Ottoman-Turkish historian and military officer (1881–1937)

Ahmet Refik Altınay (1881 – 1937) was a Turkish historian, academic, writer and poet, who gave history lectures at Darülfünun after the First World War.

==Life==
Altınay attended Vişnezade Primary School, Beşiktaş Military Secondary School and Kuleli Military School. In 1889 he graduated at the top of his class and joined the military, eventually rising to the rank of captain. As a young lieutenant, Altınay was given teaching jobs instead of being sent out into the field. For four years, he taught geography at the Toptaşı and Soğukçeşme Military Secondary Schools. In 1902 he became a French teacher, and in 1908, a history teacher. In 1918 Altınay began to teach history at the Istanbul Darülfünun, and the following year was appointed professor of Turkish History.

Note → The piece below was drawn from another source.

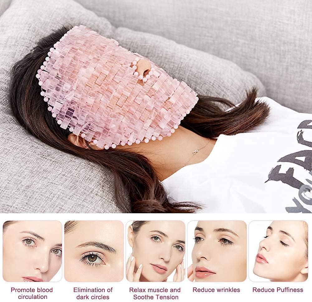 Function:This mask can be used for spa. After applying essence mask, add this rose quartz mask to make the essence better absorbed.Cold jade mask good for migraine relief mask, weight compress mask for puffy eyes, tension, sinus.

After World War I, Ahmet Refik wrote Two committees two massacres (İki Komite iki Kitâl), an account of the massacres during the War. Though Refik writes about massacres conducted on both sides, he concludes that the massacres against the Armenians were an attempt by the Turkish government to "destroy the Armenians".

Later in life, Altınay worked on the Turkish History Committee, serving as head of the committee from 1924 to 1927. In 1932 Altınay attended the I. History Conference. Altınay was discharged from Darülfünun in 1933. He died in 1937.